Dan Cullen, Westchester, NY said...

Dr. Hamblin,

In re your comment "The EU Commission has proposed a limit on bonuses within the EU, but this has prompted the response that it would only drive the heavy hitters abroad to New York, Dubai and Singapore."

The EU can tell employees of private corporations what they can earn, whether it be wage, salary and/or bonus?

It reminds me of when Hillary Clinton stated during her run for the 2008 democratic presidential nomination, that she was going to take monies from the oil companies! This was to make them pay their "fair share" so she could redistribute the wealth. Who the heck is she? To the best of my knowledge she's not a major stockholder, nor stakeholder, in the 3 major U.S. oil companies.

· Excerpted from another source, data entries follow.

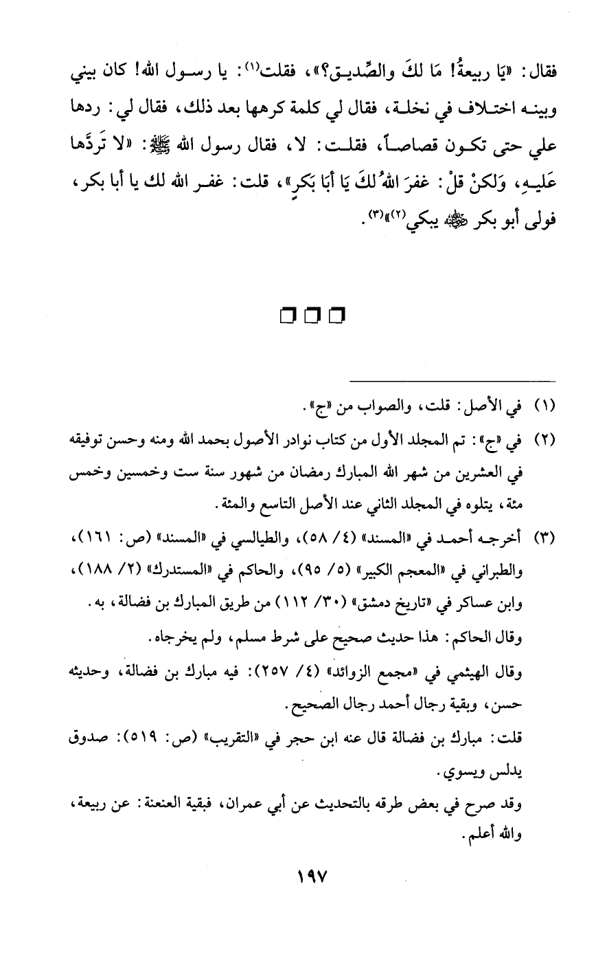فقال: ((يا ربيعة! ما لك والصديق؟))، فقلت: يا رسول الله! كان بيني وبينه اختلاف في نخلة، فقال لي كلمة كرهها بعد ذلك، فقال لي: ردها علي حتى تكون قصاصاً، فقلت: لا، فقال رسول الله صلى الله عليه وسلم: ((لا تردها عليه، ولكن قل: غفر الله لك يا أبا بكرٍ))، قلت: غفر الله لك يا أبا بكر، فولى أبو بكر رضي الله عنه يبكي)).
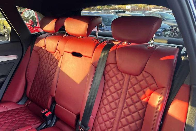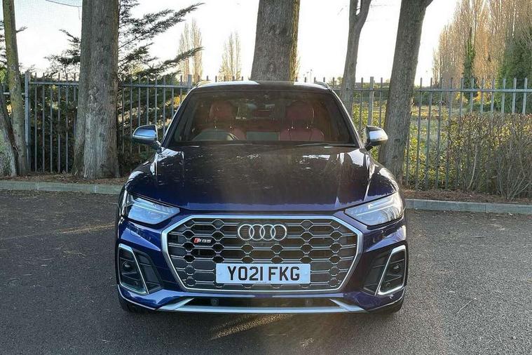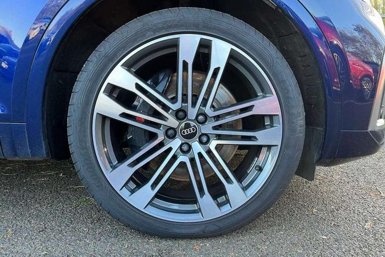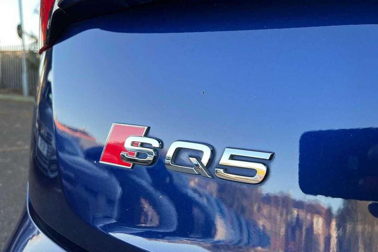 Audi connect safety and service (e-call), Audi connect with Amazon Alexa Integration, Audi drive select, Audi phone box with wireless charging, Audi virtual cockpit plus with 12.3" screen and three different layout designs, Audi wireless smartphone interface, Automatic start-stop system with coasting functionality and efficiency programme, Bluetooth interface, Electro - mechanical power assisted steering, MMI navigation plus with 10.1" touch screen, Power tailgate, Reversing camera, Service interval indicator, Voice control system with Audi hotword activation "Hey Audi", 70 litre fuel tank and 24 litre AdBlue tank, Diesel particulate filter, Quattro on demand, S sports suspension, 2 x USB charging port with aux input socket, Audi sound system, DAB Digital radio, Acoustic windscreen, Aluminium roof rails, Audi beam, Auto dimming rear view mirror, Automatic headlights and windscreen wipers, Body colour bumpers, Body colour rear diffuser with matt aluminium silver surrounds, Body colour underbody protection, Chrome plated exhaust trims, Door sills in Selenite silver, Electric adjustable/heated/folding door mirrors, Front air inlet surrounds in aluminium, Front and rear electric windows, Front radiator grille in honeycomb design, Headlight washers, Lower bumpers painted in contrast Manhattan grey, Rear chrome trim strip below lights, Rear privacy glass and rear side windows, Rear spoiler, Rear wiper, Roof bars, S front and rear bumpers, S Line side skirts, S specific rear diffuser, 3 rear headrests, 4 way electric lumbar support for driver and front passenger, 40:20:40 split folding rear seat with rear centre armrest, Black cloth headlining, Comfort front centre armrest, Contrast stitching on seats, steering wheel and gear lever gaiter, Deluxe 3 zone electronic climate control, Fine Nappa leather upholstery with diamond pattern contrast stitching + front sport seats with S embossed logo, Front/rear floor mats, Fully electrically adjustable seats, Gear lever in black leather, Heated front seats, Height adjustable front head restraints, Height/reach adjustable steering column, Illuminated door sill trims with S logo, ISOFIX child seat mounting and top tether, Luggage compartment cover, Massage function for front seats, Rear seat bench plus, Removable luggage compartment floor, Stainless steel pedals, Sunvisors with vanity mirrors, Extended interior upholstery pack - Q5, High gloss pack - Q5, LED interior light pack - Q5, 3 point seatbelts on all seats, 6 airbags - Driver, front passenger, curtain and side airbags, Electrically operated child locks on rear doors, Electromechanical parking brake, Electronic stabilisation control including ABS, ASR and EDL, Front passenger airbag deactivation, Hill descent control, Hill hold assist, Multi collision brake assist, Pop-up bonnet for pedestrian protection, Pre sense city, Seat belt force limiter, Seatbelt monitoring, Tyre pressure warning, Warning triangle and first aid kit, Anti theft alarm, Anti-theft wheel bolts, Keyless Go access/ignition system,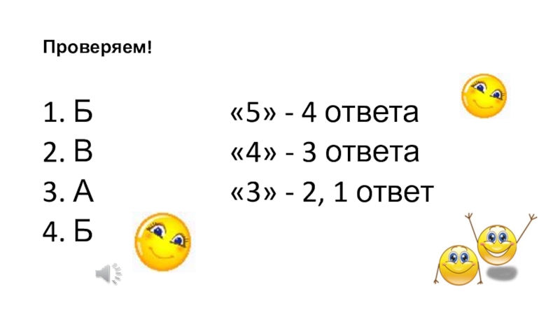 Проверяем!1. Б          «5» - 4 ответа2. В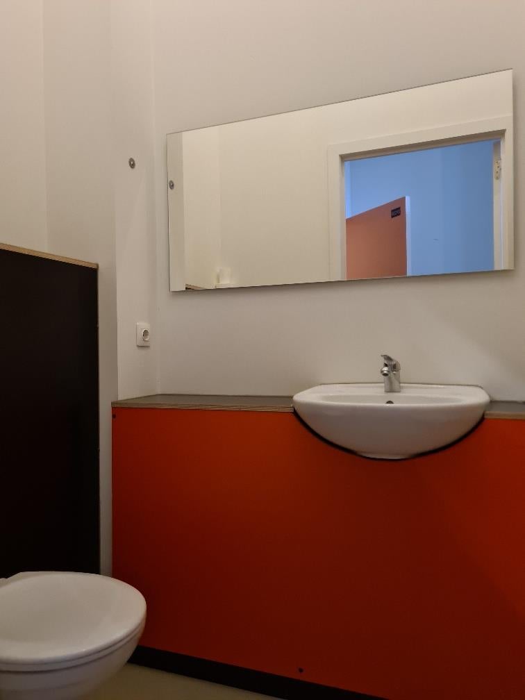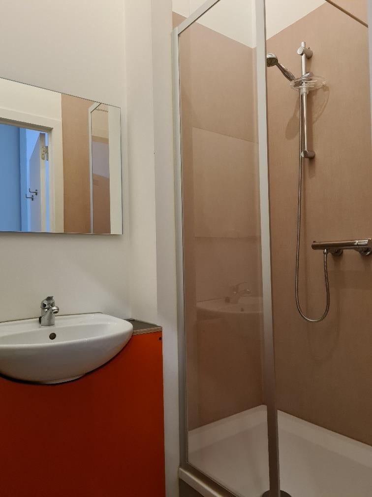 De moderne badkamer is uitgerust met een douche, toilet en wastafel. Daarnaast beschikt de studio over een comfortabele hoogslaper met matras en een handig bureau.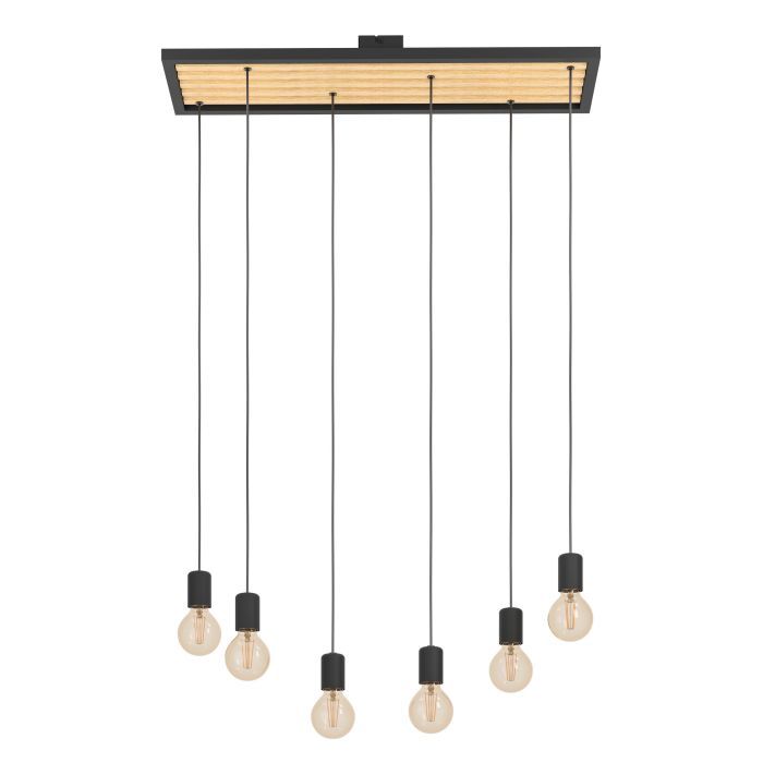 Φωτιστικό Κρεμαστό Εξάφωτο L780xB250xH1100mm 6xE27 Μέταλλο Μαύρο-Ξύλο Φυσικό Eglo Consett 43725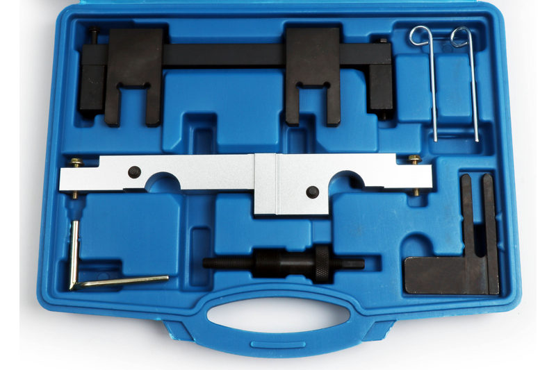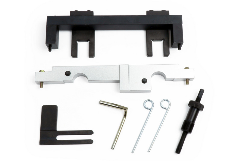 chain tensioner tool, camshaft locking tool, adjusting tool for vanos, balance shaft locking tool, crankshaft locking pin, chain tensioner locking pin.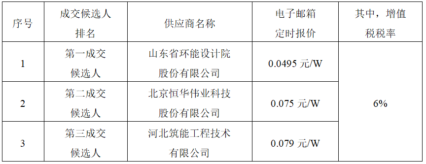 根據(jù)詢價(jià)公告規(guī)定,采購人確定山東省環(huán)能設(shè)計(jì)院股份有限公司為成交人,成交價(jià)0.0495元/W,最終合同總價(jià)以實(shí)際裝機(jī)容量為準(zhǔn),按照合同約定完成全部咨詢、勘察、設(shè)計(jì)工作。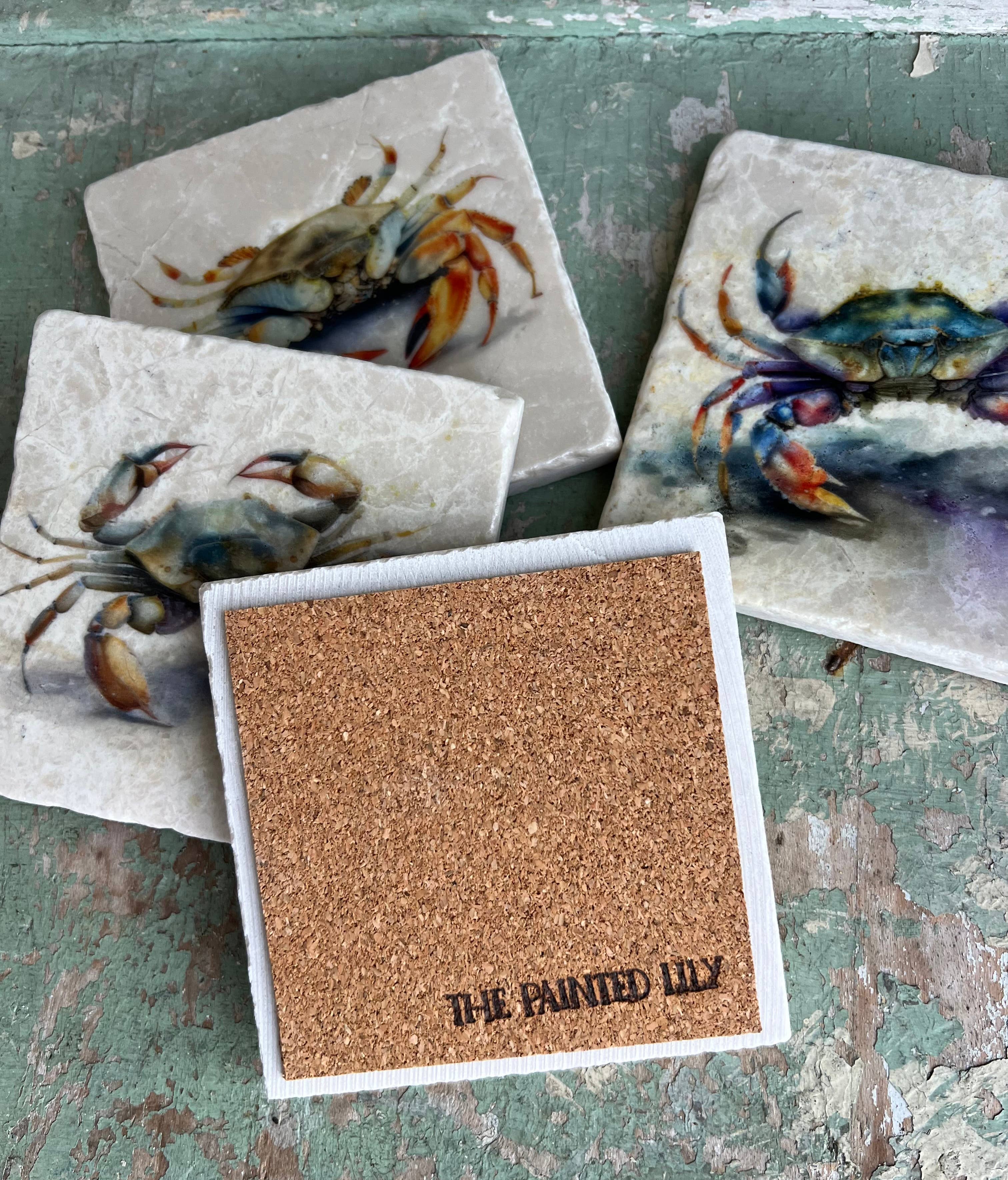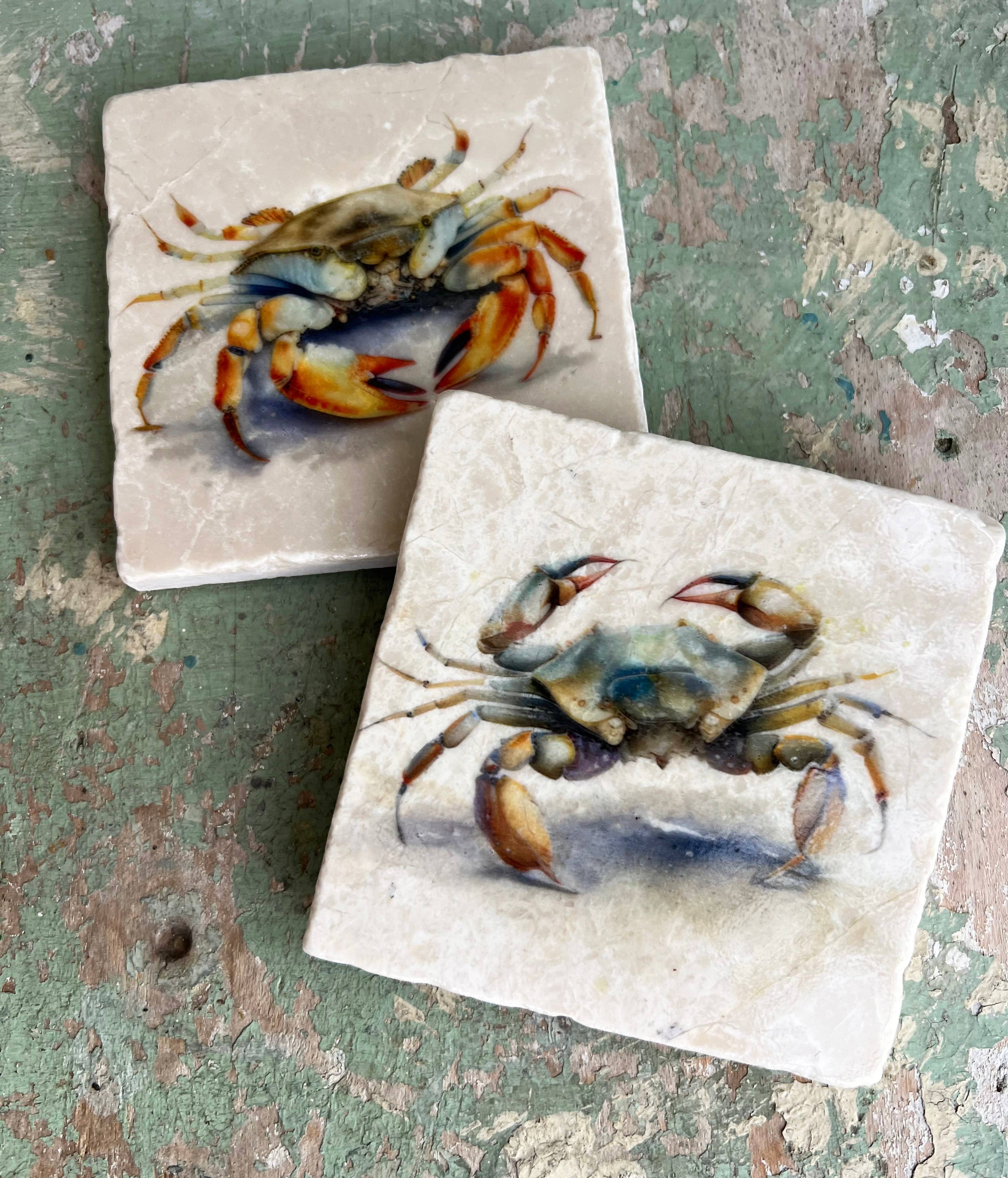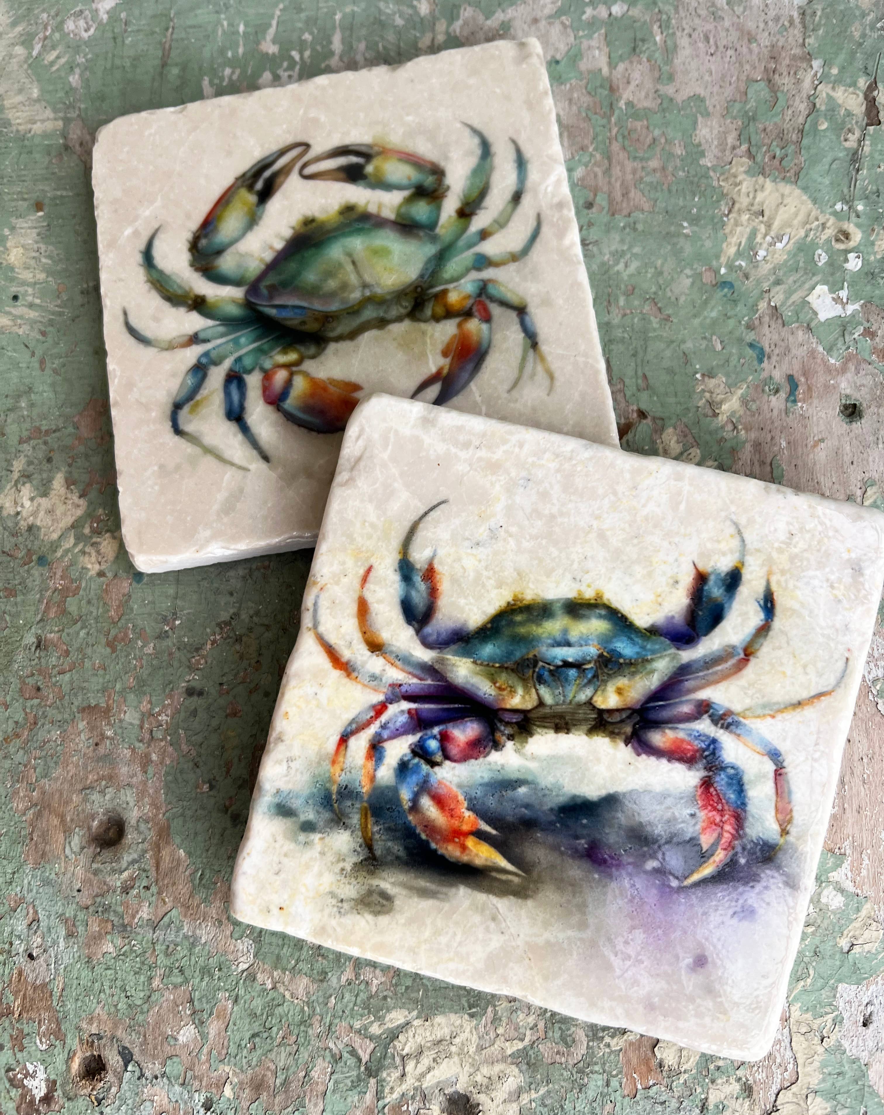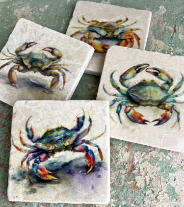 The Crab stone coasters are made using tumbled marble tile and antique delft tile images. Made to last a lifetime, these coasters are incredibly durable and good for use with hot and cold beverages.

As noted within a Forbes article earlier this year ( "America's three biggest oil companies, ExxonMobil (XOM - news - people), Chevron (CVX - news - people) and ConocoPhillips (COP - news - people), all endure income tax burdens of more than 40%--higher than the statutory U.S. rate of 35%." ExxonMobil incidentally has a 45% rate.

Putting aside the inflationary printing of money and/or continuous borrowing, these politicians don't seem to have the most basic economic understanding that public programs are funded by monies drawn out of the private sector AND that the continuation and growth of public programs, as well the associated ever increasing bloated bureaucratic power realms, surcharge the private sector's growth rate. Not to mention the distribution of taxpayers’ monies to corporate scams of large financial political supporters.

Studies have shown that the optimal tax rate is in the range of 17-20% of GDP. This should amply cover a strong defense, proper infrastructure development & maintenance, certain programs to aid and assist children and the elderly, et cetera.

Money goes where it's best treated.

Terry Hamblin said...

Quite! Of the EU leaders, Sarkozy comes from a family of Hungarian refugees and Merkel is an East German. Poland, Estonia, Czech Republic, Slovakia, Lithuania, Latvia, Hungary and Greece are all ex-communist countries. No wonder Britain feels isolated in Europe.

Dan Cullen, Westchester, NY said...

If you look across the pond, toward the west, you can still faintly see a once "shining city on a hill" where it's brilliance has been diminished since January 2009 - - but its beacon will start to shine again starting November 2012. So don’t feel so isolated. I’m also of the impression that there are glimmerings increasing in strength coming from Poland.

You can also look toward your far east. Following is from an AFP report titled “China fund official slams 'indolence' in Europe”:

SHANGHAI — A top official of China's $400 billion sovereign wealth fund has accused Europe of "indolence" and said any Chinese investment in the debt-laden region would be based on financial returns.

Jin Liqun, chairman of the board of supervisors of China Investment Corp, slammed the welfare systems of European countries and said the continent must address its own problems to attract outside investment.

"If you look at the troubles which happened in European countries, this is purely because of the accumulated troubles of the worn out welfare society," Jin told Al-Jazeera television in an interview broadcast at the weekend.

"The labour laws induce sloth, indolence, rather than hardworking."

Jin, a former vice finance minister, said Beijing would consider investing in Europe but any decision would be based on likely investment returns.

"Our people would ask us the question: 'Wait a moment. Are you sure you can get a fair share of returns?'," Jin told the television network.